Blessé au tendon d’Achille il y a encore quelques semaines, de retour depuis quatre matchs avec un temps de jeu savamment géré (neuf minutes contre Newcastle, 22 contre l’Atletico à l’aller, 45 contre Fulham, 58 mardi), l’ailier anglais a été le seul à trouver le chemin des filets, juste avant la pause, en reprenant une tentative de Leandro Trossard repoussée par Jan Oblak sur sa ligne (1-0, 44e).
Directement impliqué dans 14 buts lors de ses 14 apparitions en Ligue des champions à l’Emirates (neuf buts, cinq passes décisives), buteur contre Fulham samedi dernier en championnat, Saka est peut-être l’homme de cette fin de saison pour les Gunners.
« Pour aller loin dans une compétition, il faut avoir un secteur défensif fort ». Cette phrase prononcée par Didier Deschamps en amont de la Coupe du monde 2018 a fait des émules du côté du nord de Londres. Et qu’importe les esprits chagrins qui regrettent les talents de Thierry Henry ou de Dennis Bergkamp dans les années 2000, ou le beau jeu foudroyant des « Baby Gunners » des années 2010 : cette mouture 2025-2026 d’Arsenal puise sa force dans ce qui l’empêche de flancher, inlassablement depuis le début de cette saison. Et qui lui permet de gagner, aussi, y compris sur des scores faméliques mais ô combien important.
Toujours invaincus depuis le début de la Ligue des champions (11 victoires, trois nuls), en ayant encaissé seulement six buts durant toute cette C1 (19 pour le Bayern ou encore 21 pour le PSG) au moment d’aborder la finale, les Anglais bâtissent leurs succès sur une forteresse infranchissable.
La paire de défenseurs centraux Gabriel-William Saliba est sans doute la plus performante du monde, et les renforts de Riccardo Calafiori ou Piero Hincapié ont ajouté de la puissance à l’ensemble. Et plus globalement, la discipline a été érigée en summum de la modernité au sein de toute une personnel éditorial au diapason dans les efforts.

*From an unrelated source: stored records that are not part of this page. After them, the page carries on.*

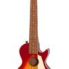 Ukelele acústico / eléctrico tenor Les Paul® con pastilla debajo del sillín El ukelele eléctrico / acústico tenor Les Paul® (afinado GCEA) lleva el estilo de cuerpo clásico de Les Paul a los músicos de Uke de todo el mundo. ¡Con una tapa de abeto selecta más una pastilla piezo debajo del sillín para que puedas tocar en cualquier lugar! Bolsa de transporte incluida. Ukelele tenor con estilo Les Paul : Les Paul® Tenor Acoustic / Electric de Epiphone tiene la clásica forma de cuerpo ‘Les Paul’ con una tapa de abeto selecto y un cuerpo de caoba selecto. El mástil de caoba maciza tiene un perfil en C SlimTaper ™ más la firma Les Paul en oro en el cabezal inclinado Dovewing al estilo de las Les Paul de tamaño completo. El mástil tiene un diapasón de Granadillo y una escala de 17 ”de largo, un radio de 12 diapasón y 19 trastes medianos. El puente también está hecho de Granadillo. La Les Paul Tenor está disponible en acabados de color Heritage Cherry Sunburst (HS) y Vintage Sunburst (VS). ¡Conéctelo en cualquier lugar! : El ukelele tenor Les Paul® se puede conectar a cualquier PA o amplificador gracias a la pastilla Piezo Film debajo del sillín. La toma de salida de ¼ ”está montada en el borde. Hardware sólido de Epiphone : Afinando el ukelele tenor Les Paul® Premium es fácil gracias a los cabezales de máquina Open-Back con una relación de giro de 14: 1 para un ajuste rápido y preciso plus y una funda. Garantía limitada de por vida El ukelele acústico / eléctrico tenor Les Paul® está cubierto por la garantía limitada de por vida de Epiphone y el mundialmente famoso servicio de atención al cliente 24/7/365 de Gibson. Visite a su distribuidor autorizado de Epiphone más cercano y atrape la fiebre del ukelele con el ukelele acústico / eléctrico tenor Les Paul® Epiphone Ukulele tenor Ac / El ukelele Les Paul® de un vistazo – Ukulele acústico / eléctrico Les Paul® tenor con estilo de cuerpo Les Paul Pastilla piezoeléctrica debajo del sillín – Perfecta para viajes – Incluye funda
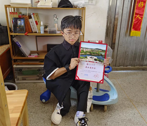 双腿不能正常行走,但从未放弃追求梦想的脚步。
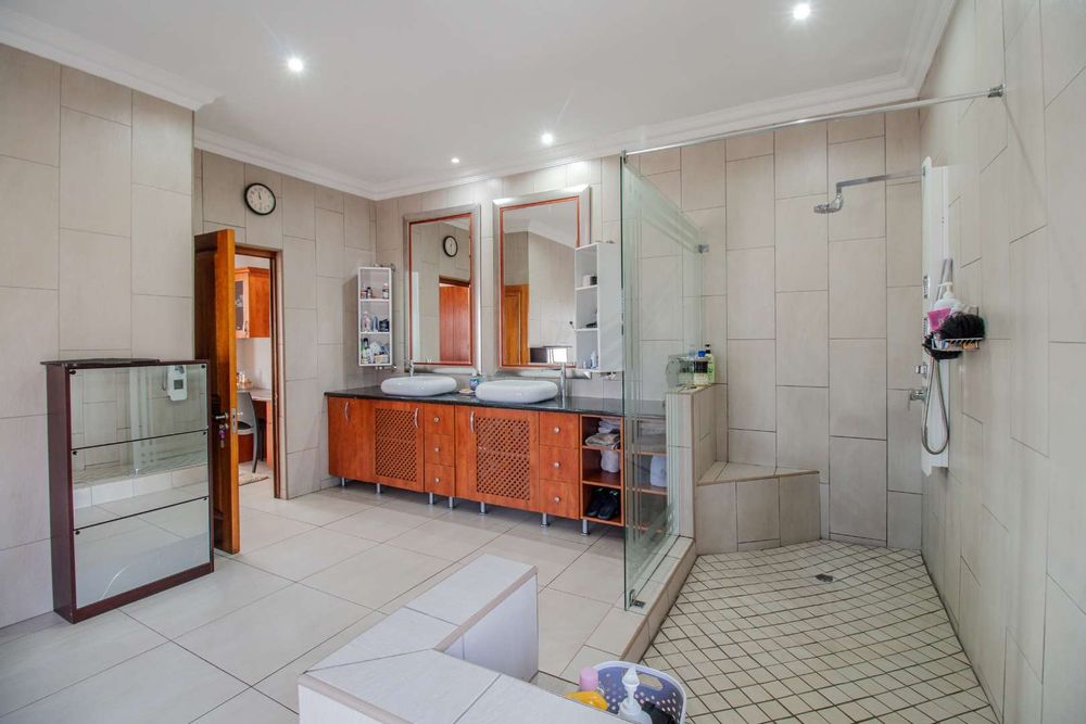 Downstairs, you will find a convenient bedroom and bathroom, ideal for guests or family members who prefer single-level living. The patio, accessible through stacker doors, includes a built-in braai and opens onto a beautifully landscaped garden and a heated sparkling pool. This outdoor area is perfect for alfresco dining, entertaining, or simply unwinding after a long day.
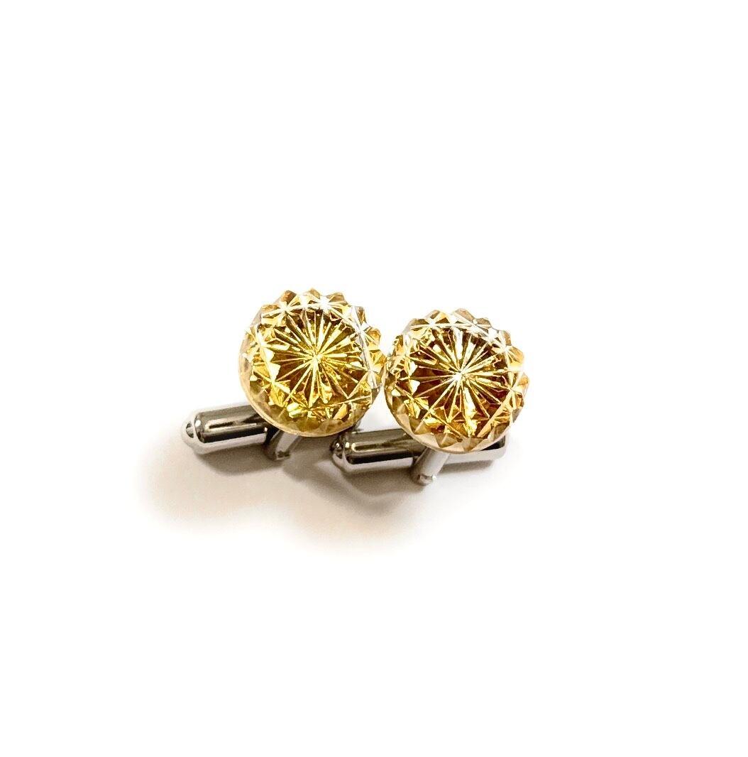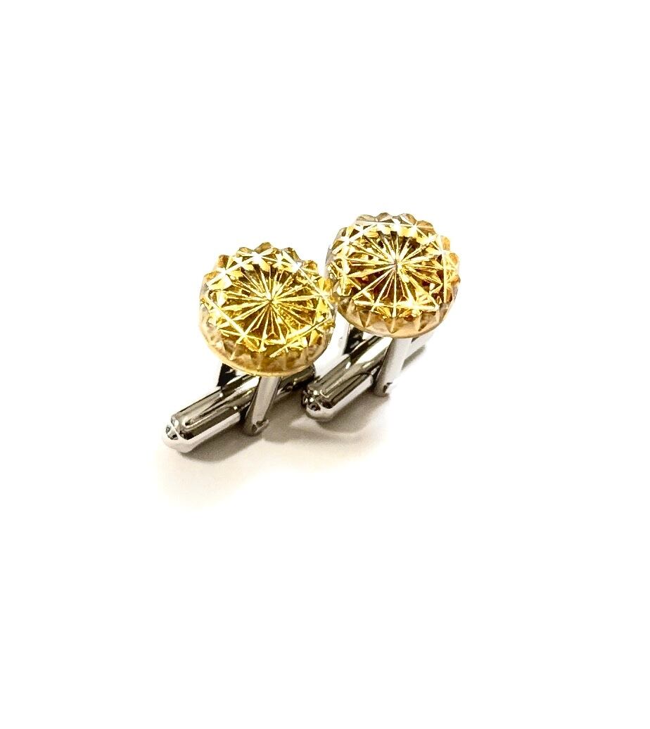 東京切子カフスボタン 菊 アンバー
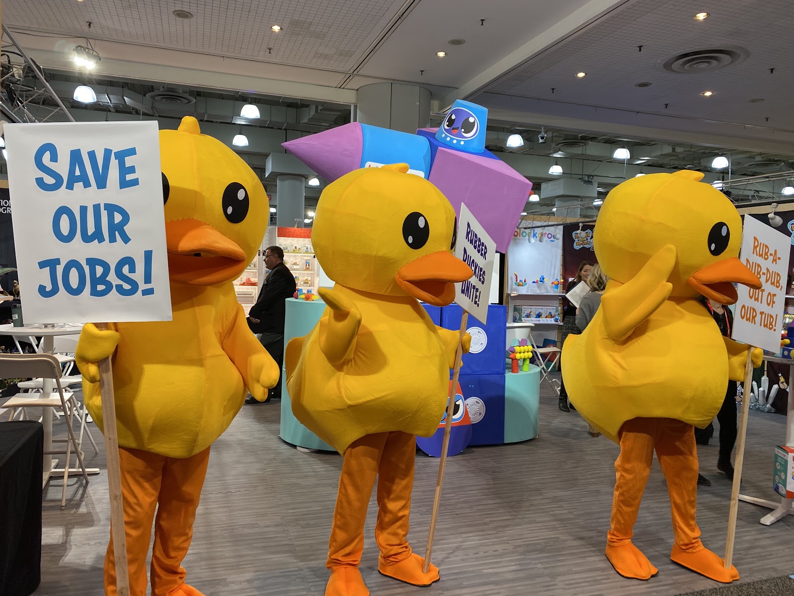While visiting Blue Marble at Toy Fair, we also discovered that rubber duckies may be out of a job. They weren’t happy about it, protesting in front of their booth on the show floor.

C’est face à cette formation aussi dure que la roche que devront se frotter Parisiens ou Munichois le 30 mai prochain. Pas une mince affaire d’autant que, d’ici là, les Gunners auront peut-être vaincu une première malédiction en Premier League, avec un premier titre depuis 22 ans. De quoi arriver, sans l’ombre d’un doute, totalement décomplexés à Budapest.
Source : www.franceinfo.fr
Conclusion : Les évolutions seront analysées par notre équipe pour vous tenir informés.